Havnt you got a work trip coming up, OP? Involving 1-2 nights away at a hotel? 😉 book your self in and let him manage even for one morning

TeaGinandFags · 19/01/2024 14:30

I would reccomend fucking off to a travel lodge. Big soft beds. Huge brekkies. Baths. Cheap bills.

Tell him you're popping out and don't come back for a couple of days. Report yourself to the police as a missing person and that you expect to be found once you've retrieved your sanity. (This will prevdntbthem from wadting your time. They won't reveal your whereabouts inlesd you say thry can.)

Once he's worked put what you put up with, make sure he keeps his end up.

CharlotteBog · 19/01/2024 14:58

sorry. I had to write this down so I didn’t kick off at him.

What would happen if you did kick off?

This is the sort of thing you read about being the final straw when deciding a relationship is over.

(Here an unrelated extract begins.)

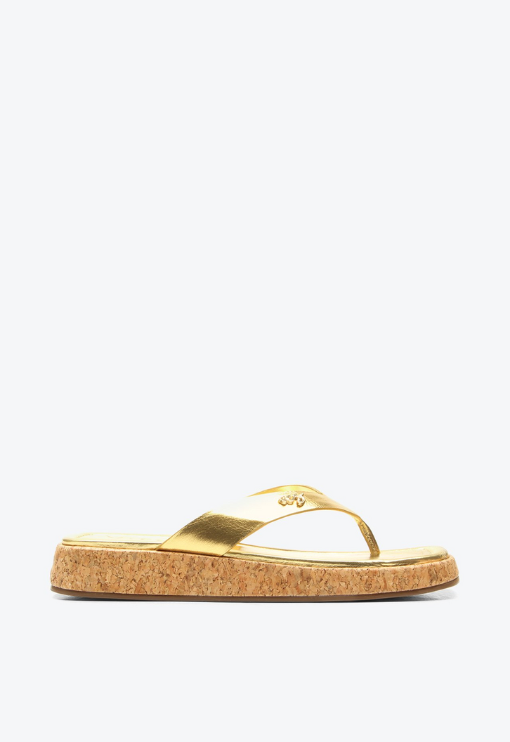 Flat Hawaii dourada. Esta flat combina leveza e estilo em um design fresh e contemporâneo. O brilho do verniz se destaca sobre a base em cortiça natural, criando um contraste sofisticado e cheio de personalidade. A palmilha super comfy garante conforto durante todo o dia, enquanto a assinatura VCZ metalizada adiciona um toque exclusivo. Perfeita para complementar looks casuais ou para dar destaque a produções descontraídas com muito estilo.

MorningSunshineSparkles · 19/01/2024 16:55

Well the solution is simple, divorce the man child who is entirely incompetent, send your actual child to him EOW and have as much sleep as you need, and sort out respite care for the toddler you’re caring for.

forrestgreen · 19/01/2024 18:04

He needs to practice being a parent again tomorrow morning. Until he can manage it independently it's his turn.

BitOutOfPractice · 19/01/2024 18:10

He,s not lovely or nice to live with though is he? He’s happy to see his partner making herself ill while he lies in bed. He allows that. He believes he deserves it. And you don’t. He doesn’t even like you to think like that, let alone love you. He’s vile.